WORK ORDER
Only the pictures are to be left out; the listing itself is repeated exactly.

»»

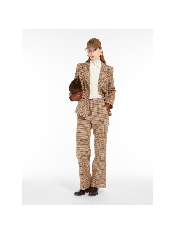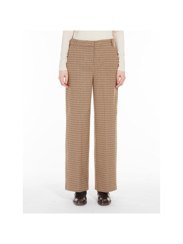 Pantalone cropped alla caviglia, realizzato in morbido jersey di flanella con disegno jacquard. Il modello è caratterizzato da una vestibilità regolare con gamba dritta, tasche alla francese sui fianchi e pinces in vita sul retro. Chiusura con listino alto in vita, zip con patta e bottone.
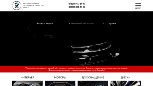 | AI-анализ | The website is an auto parts reseller for BMW cars located in Minsk, Belarus. It specializes in selling used BMW parts and offers vehicles from Europe, England, and the United States. The homepage has a menu for users to select a model, and the top words indicate various BMW models for sale. The title and description contain keywords related to BMW auto dismantling, used parts, and sales in Minsk. The website also provides contact information. |
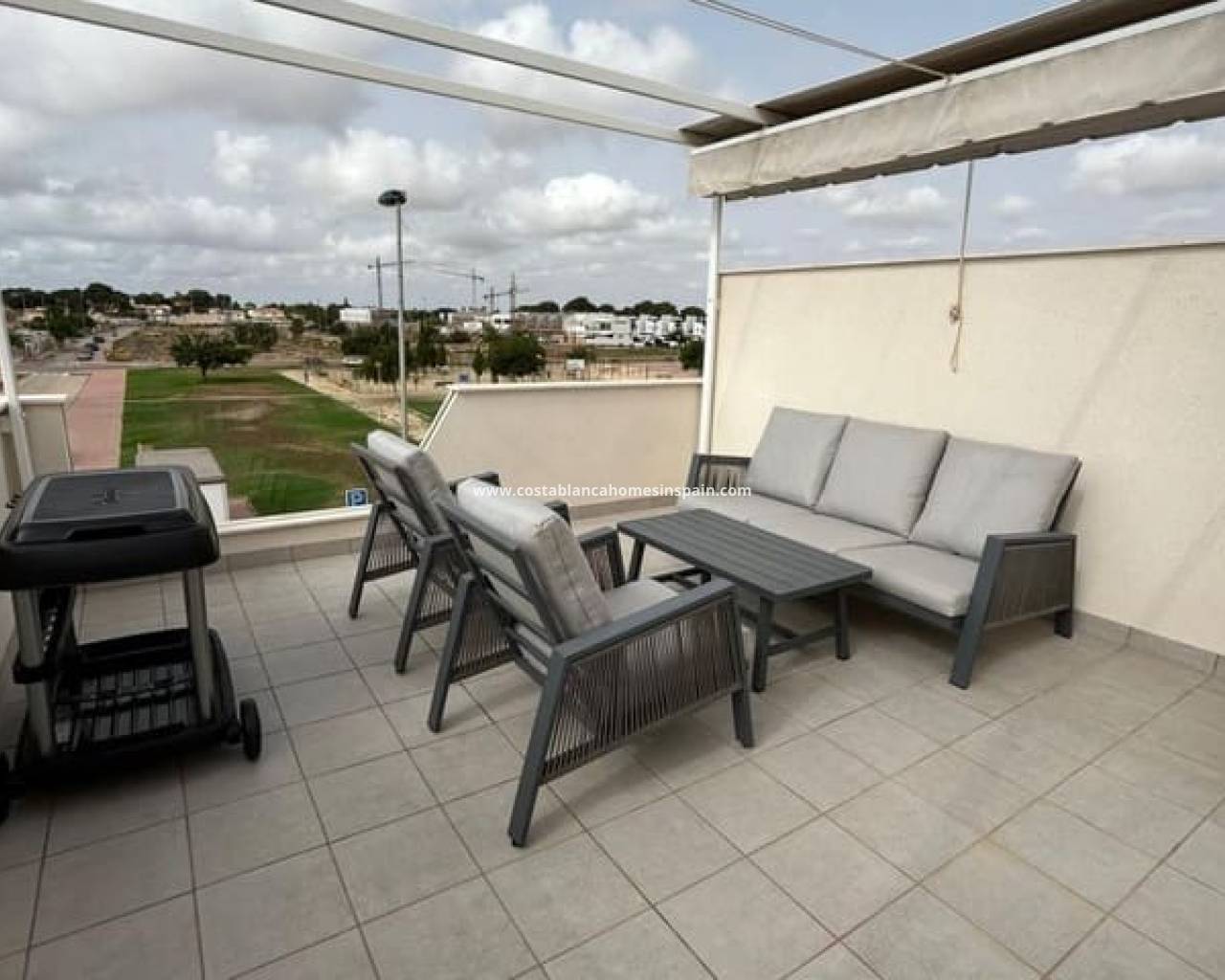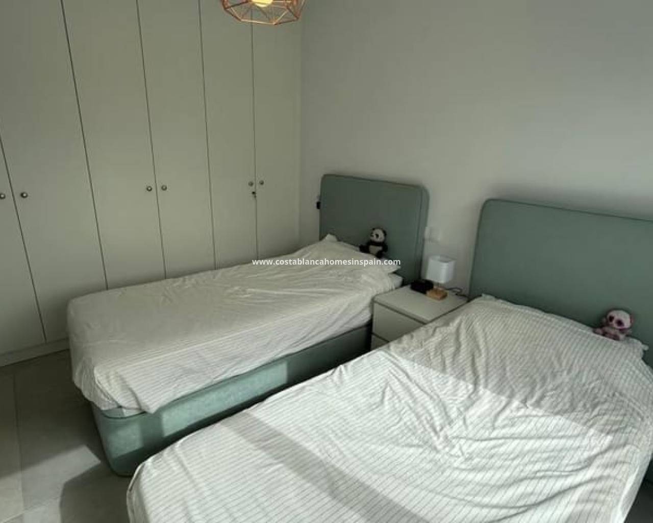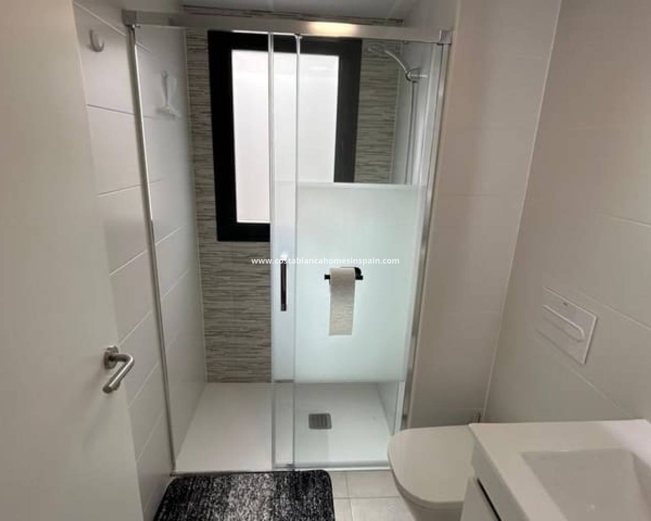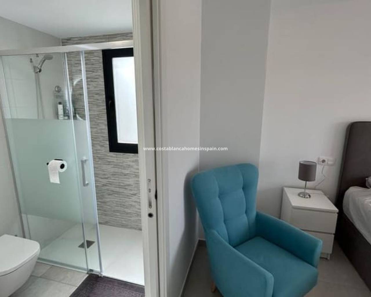 3 bedroom, 2 bathroom semi-detached south/east facing villa with private pool and private solarium in Santiago de la Ribera. Large plot with gated driveway leading to a large front terrace. The large swimming pool is to the front of the property and there is plenty of space for dining, sunbathing. The house has a large living room with views to the pool and a modern open plan fully fitted kitchen. Beyond the kitchen is a double bedroom with fitted wardrobes and a door leading to the side terrace. There is also a modern shower room on the ground floor. On the first floor are two double bedrooms with fitted wardrobes. The bedroom to the front of the house has access to a terrace. Also on this first floor is a modern shower room. There are stairs from the first floor leading you to your own private roof solarium with outdoor kitchen area. Another amazing outdoor living space. This house is only two years old and will be sold fully furnished. It's within walking distance to the beach and a short drive to the Dos Mares shopping mall and Pinatar retail park. Murcia airport is about a 30 min drive and Alicante is about a 1 hour drive. There is also some bars, cafes near to the property too. Santiago de la Ribera is a beautiful city on the banks of the Mar Menor. It is the coastal area of the city of San Javier and started as a simple fishing village. It has now become a popular holiday destination, attracting not only Spaniards but also tourists from all over Europe. Santiago has a modern feel, although it still retains its 'fishing village' atmosphere. It has a very beautiful promenade with majestic palm trees and 2 kilometers of beautiful sandy beaches. From here you can take a boat trip across the calm waters of the Mar Menor, to the La Manga Strip on the other side. The main shopping area is really in the town of San Javier, but there are some shops in the narrow streets to browse, try it on a Wednesday morning when there is a large street market.
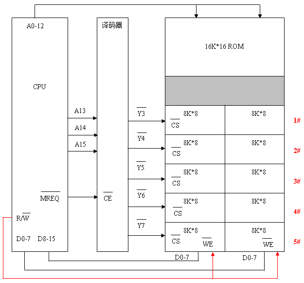 WE信号控制端。CPU的地址总线为A15-A0,数据总线为D15-D0,控制信号为
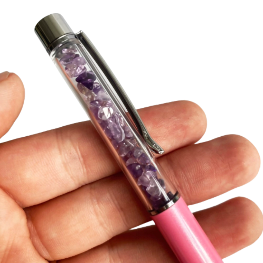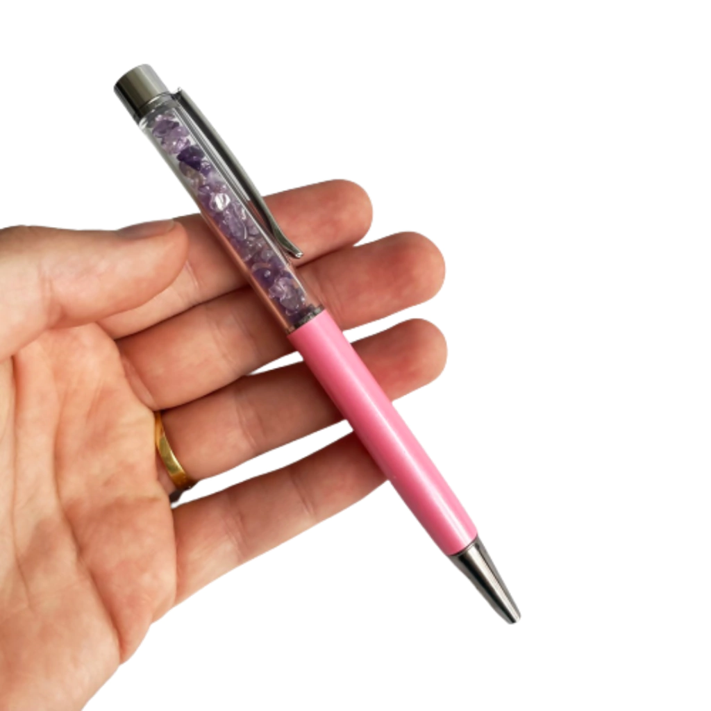 As Canetas de Cristais Naturais são super estilosas, além de trazerem o poder dos cristais bem pertinho de nós. Elas possuem tinta preta e um recipiente com cristais cascalhos. O seu acabamento é cromado e tubo rosa. Ideal para presentear e ter boas energias das pedras em nossas mãos. É possível substituir a carga da caneta.

««

RESPONSE AREA
 Pantalone cropped alla caviglia, realizzato in morbido jersey di flanella con disegno jacquard. Il modello è caratterizzato da una vestibilità regolare con gamba dritta, tasche alla francese sui fianchi e pinces in vita sul retro. Chiusura con listino alto in vita, zip con patta e bottone.
 | AI-анализ | The website is an auto parts reseller for BMW cars located in Minsk, Belarus. It specializes in selling used BMW parts and offers vehicles from Europe, England, and the United States. The homepage has a menu for users to select a model, and the top words indicate various BMW models for sale. The title and description contain keywords related to BMW auto dismantling, used parts, and sales in Minsk. The website also provides contact information. |
 3 bedroom, 2 bathroom semi-detached south/east facing villa with private pool and private solarium in Santiago de la Ribera. Large plot with gated driveway leading to a large front terrace. The large swimming pool is to the front of the property and there is plenty of space for dining, sunbathing. The house has a large living room with views to the pool and a modern open plan fully fitted kitchen. Beyond the kitchen is a double bedroom with fitted wardrobes and a door leading to the side terrace. There is also a modern shower room on the ground floor. On the first floor are two double bedrooms with fitted wardrobes. The bedroom to the front of the house has access to a terrace. Also on this first floor is a modern shower room. There are stairs from the first floor leading you to your own private roof solarium with outdoor kitchen area. Another amazing outdoor living space. This house is only two years old and will be sold fully furnished. It's within walking distance to the beach and a short drive to the Dos Mares shopping mall and Pinatar retail park. Murcia airport is about a 30 min drive and Alicante is about a 1 hour drive. There is also some bars, cafes near to the property too. Santiago de la Ribera is a beautiful city on the banks of the Mar Menor. It is the coastal area of the city of San Javier and started as a simple fishing village. It has now become a popular holiday destination, attracting not only Spaniards but also tourists from all over Europe. Santiago has a modern feel, although it still retains its 'fishing village' atmosphere. It has a very beautiful promenade with majestic palm trees and 2 kilometers of beautiful sandy beaches. From here you can take a boat trip across the calm waters of the Mar Menor, to the La Manga Strip on the other side. The main shopping area is really in the town of San Javier, but there are some shops in the narrow streets to browse, try it on a Wednesday morning when there is a large street market.
 WE信号控制端。CPU的地址总线为A15-A0,数据总线为D15-D0,控制信号为
 As Canetas de Cristais Naturais são super estilosas, além de trazerem o poder dos cristais bem pertinho de nós. Elas possuem tinta preta e um recipiente com cristais cascalhos. O seu acabamento é cromado e tubo rosa. Ideal para presentear e ter boas energias das pedras em nossas mãos. É possível substituir a carga da caneta.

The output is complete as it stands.